BEGIN Data below

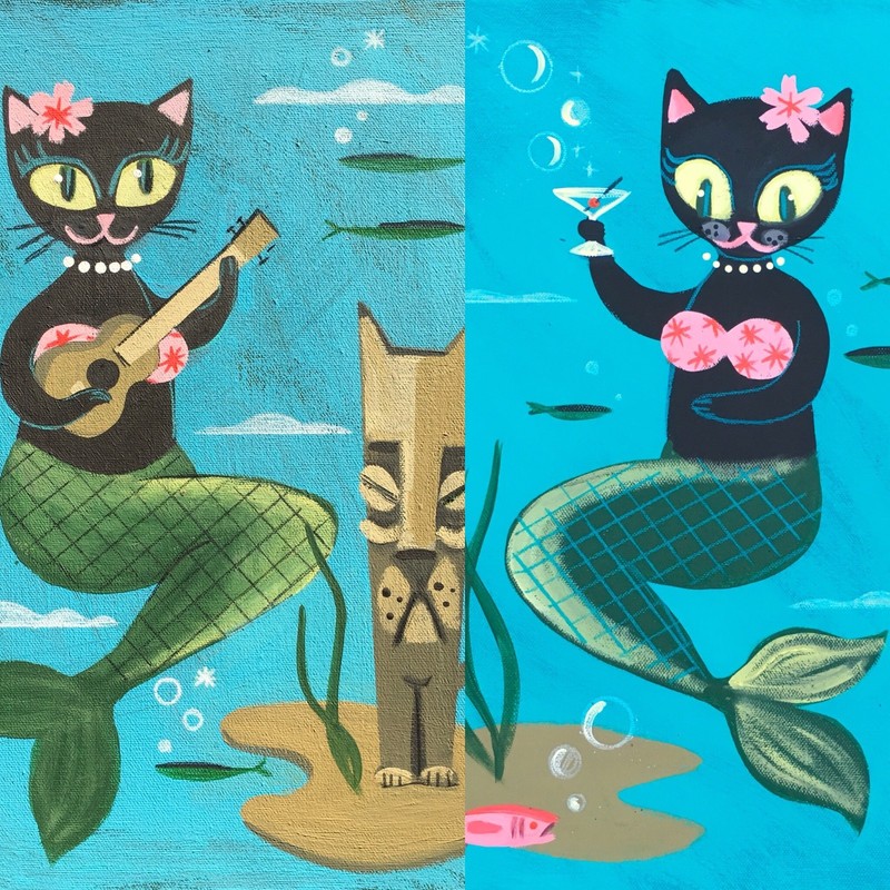 El Gato Gomez Print Retro Mermaid Hula Girl Kitty Cats Beach Tiki
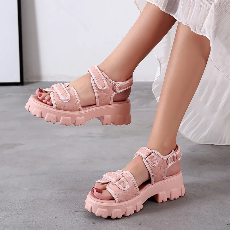 Сандалии-гладиаторы женские, на толстой подошве, с открытым носком,...
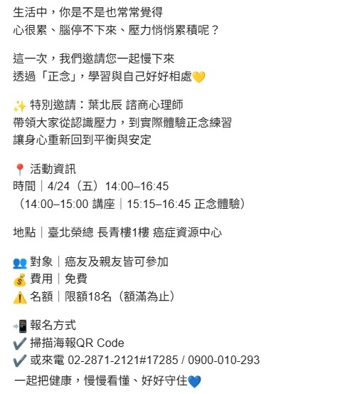 活動訊息 🌿【正念減壓・觀心靜】免費活動邀請🌿 ![]() ![]()
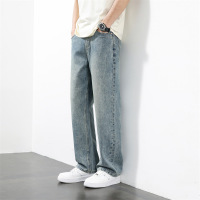 复古做旧水洗牛仔裤 男士宽松直筒阔腿裤 高街潮牌休闲牛仔长裤男

END Data below

**What to do**
Please copy out the whole listing exactly, minus its pictures.

**Exercise output**
 El Gato Gomez Print Retro Mermaid Hula Girl Kitty Cats Beach Tiki
 Сандалии-гладиаторы женские, на толстой подошве, с открытым носком,...
 活動訊息 🌿【正念減壓・觀心靜】免費活動邀請🌿 ![]() ![]()
 复古做旧水洗牛仔裤 男士宽松直筒阔腿裤 高街潮牌休闲牛仔长裤男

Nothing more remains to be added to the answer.